### WHAT IS NEEDED
There are pictures in the records below; leave them out and set down exactly the lines from the one holding "Мышка под кроватью." through the one holding "我們先重啟電腦,然后按住F8".

═════ DATASET RECORDS ═════

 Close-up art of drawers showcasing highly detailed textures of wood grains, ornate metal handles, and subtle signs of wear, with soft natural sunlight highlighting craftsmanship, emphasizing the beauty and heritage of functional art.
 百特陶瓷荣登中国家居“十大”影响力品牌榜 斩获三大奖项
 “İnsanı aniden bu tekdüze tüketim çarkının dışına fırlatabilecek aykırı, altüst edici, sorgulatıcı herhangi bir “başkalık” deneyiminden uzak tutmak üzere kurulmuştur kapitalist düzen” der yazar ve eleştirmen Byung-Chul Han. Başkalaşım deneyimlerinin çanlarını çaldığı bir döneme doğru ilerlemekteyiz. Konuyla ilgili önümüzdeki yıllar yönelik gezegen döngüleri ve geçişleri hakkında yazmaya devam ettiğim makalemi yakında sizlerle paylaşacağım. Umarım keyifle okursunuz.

═════
═════ DATASET RECORDS ═════

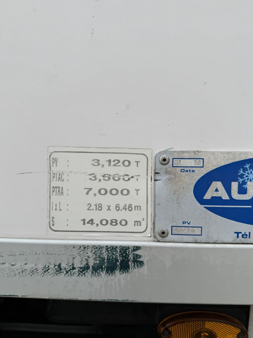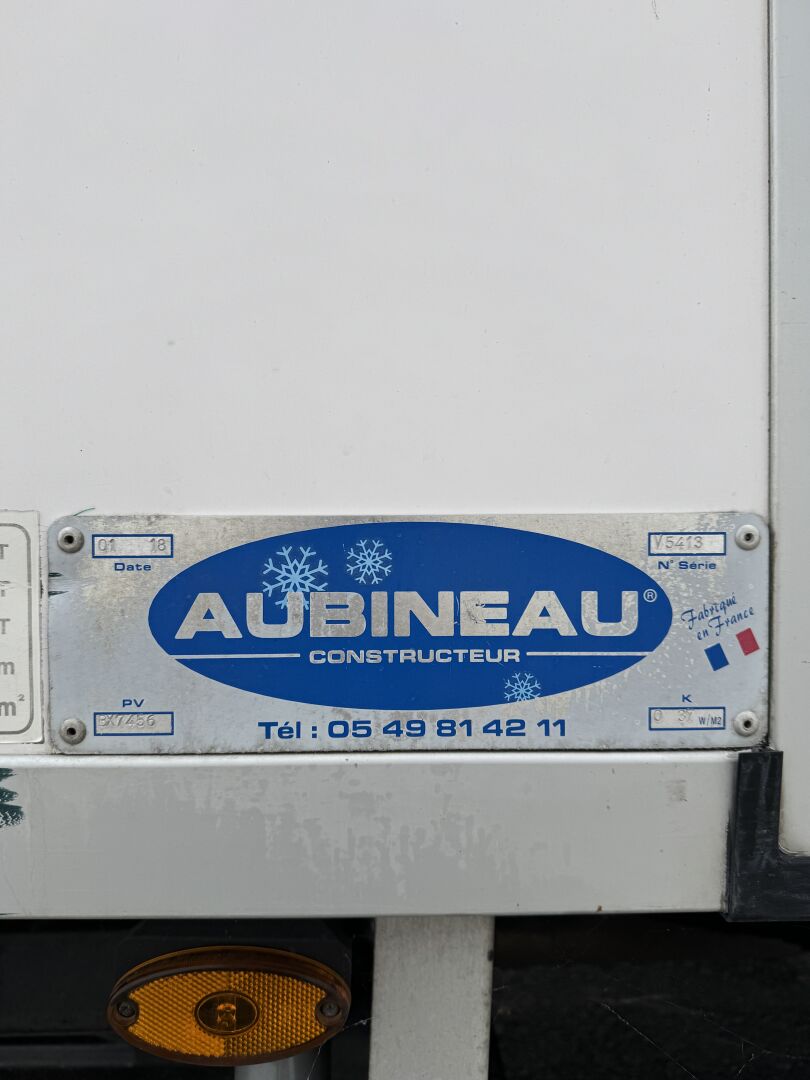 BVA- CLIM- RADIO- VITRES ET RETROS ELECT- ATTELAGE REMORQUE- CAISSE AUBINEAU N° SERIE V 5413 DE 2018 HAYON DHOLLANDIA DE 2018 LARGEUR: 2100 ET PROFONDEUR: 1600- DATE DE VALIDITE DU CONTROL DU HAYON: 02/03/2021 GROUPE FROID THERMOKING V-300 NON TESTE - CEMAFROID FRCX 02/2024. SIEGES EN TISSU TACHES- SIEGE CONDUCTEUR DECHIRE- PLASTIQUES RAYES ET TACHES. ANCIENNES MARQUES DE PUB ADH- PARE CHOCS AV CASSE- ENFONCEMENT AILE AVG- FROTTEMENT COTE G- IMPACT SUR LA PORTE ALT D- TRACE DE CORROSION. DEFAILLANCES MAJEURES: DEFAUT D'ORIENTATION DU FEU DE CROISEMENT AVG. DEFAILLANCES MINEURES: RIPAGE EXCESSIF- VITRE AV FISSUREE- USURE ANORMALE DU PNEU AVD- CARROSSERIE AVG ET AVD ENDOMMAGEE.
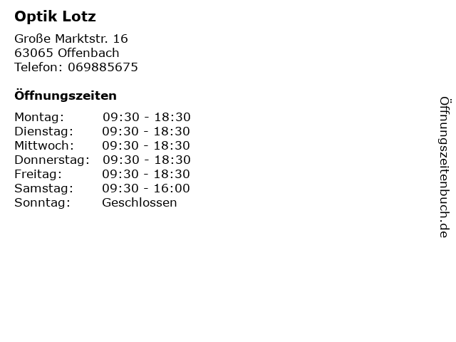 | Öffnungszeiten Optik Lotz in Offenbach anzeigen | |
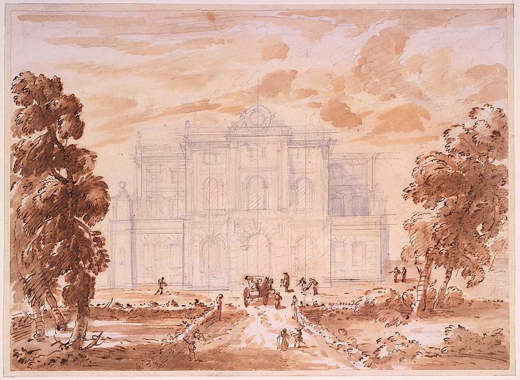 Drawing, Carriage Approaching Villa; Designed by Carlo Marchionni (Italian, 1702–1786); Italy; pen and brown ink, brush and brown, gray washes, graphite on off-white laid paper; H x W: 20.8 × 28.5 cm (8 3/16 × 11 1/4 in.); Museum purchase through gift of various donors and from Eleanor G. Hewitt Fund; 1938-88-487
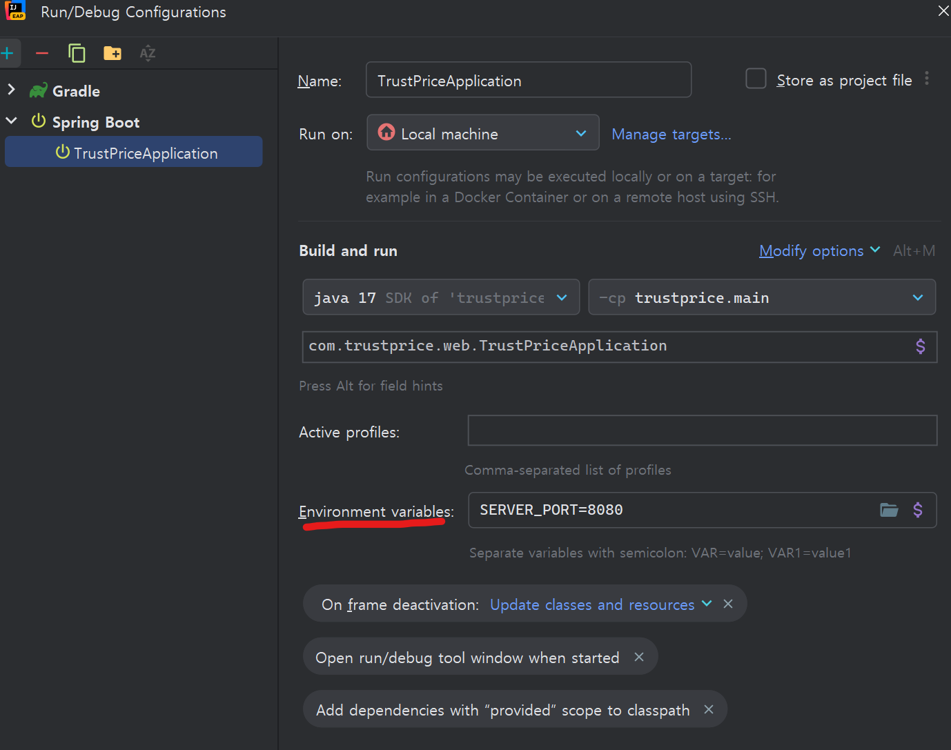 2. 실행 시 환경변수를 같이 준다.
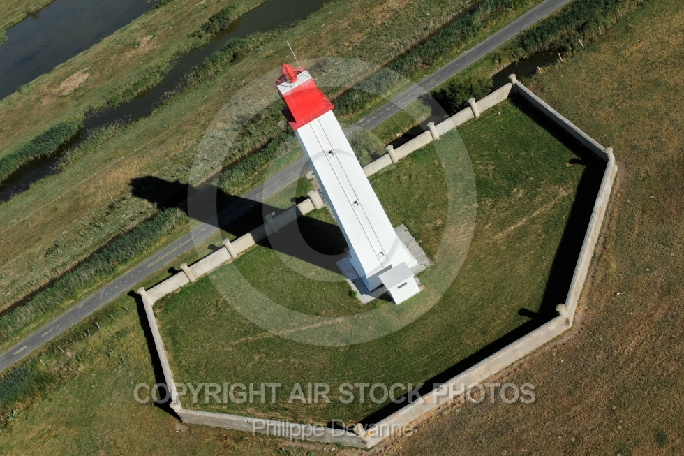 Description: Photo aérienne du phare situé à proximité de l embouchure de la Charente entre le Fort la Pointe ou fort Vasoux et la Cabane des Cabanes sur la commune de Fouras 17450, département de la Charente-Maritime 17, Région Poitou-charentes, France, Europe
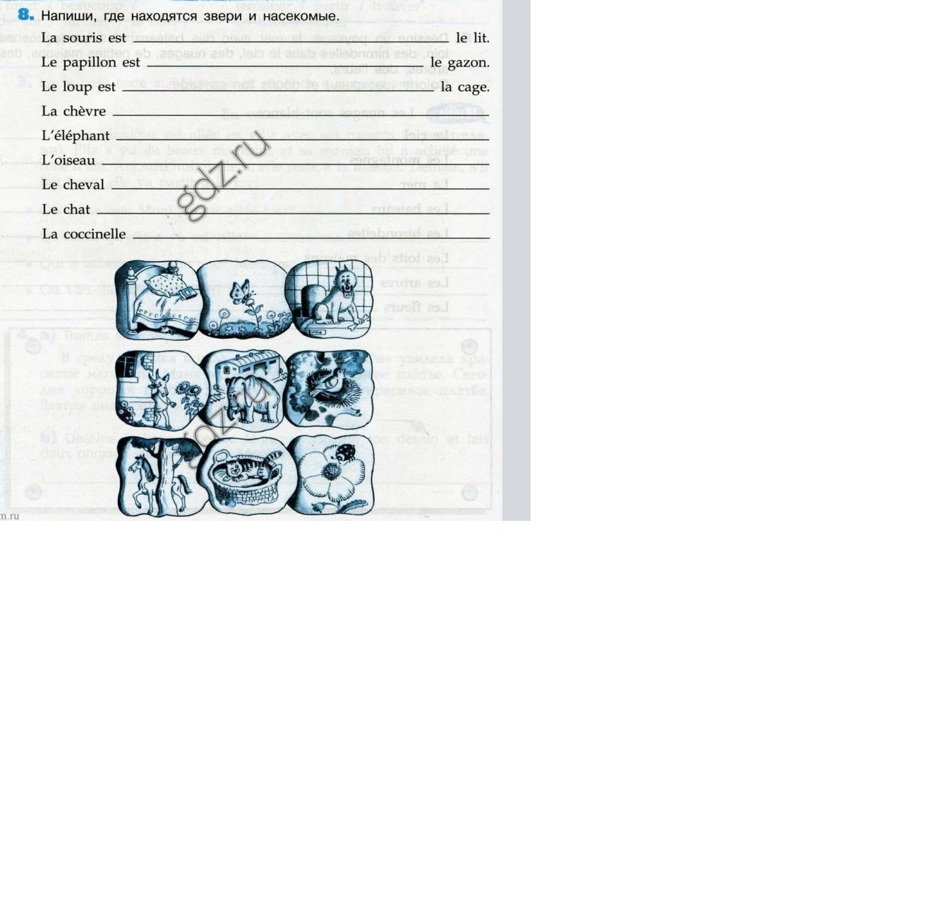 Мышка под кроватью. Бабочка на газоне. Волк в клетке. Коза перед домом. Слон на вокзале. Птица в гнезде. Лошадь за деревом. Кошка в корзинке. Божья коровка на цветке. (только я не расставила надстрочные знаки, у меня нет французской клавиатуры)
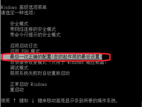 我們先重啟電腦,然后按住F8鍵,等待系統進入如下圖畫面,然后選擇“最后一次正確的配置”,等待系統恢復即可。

═════

### TASK SOLUTION
 Мышка под кроватью. Бабочка на газоне. Волк в клетке. Коза перед домом. Слон на вокзале. Птица в гнезде. Лошадь за деревом. Кошка в корзинке. Божья коровка на цветке. (только я не расставила надстрочные знаки, у меня нет французской клавиатуры)
 我們先重啟電腦,然后按住F8鍵,等待系統進入如下圖畫面,然后選擇“最后一次正確的配置”,等待系統恢復即可。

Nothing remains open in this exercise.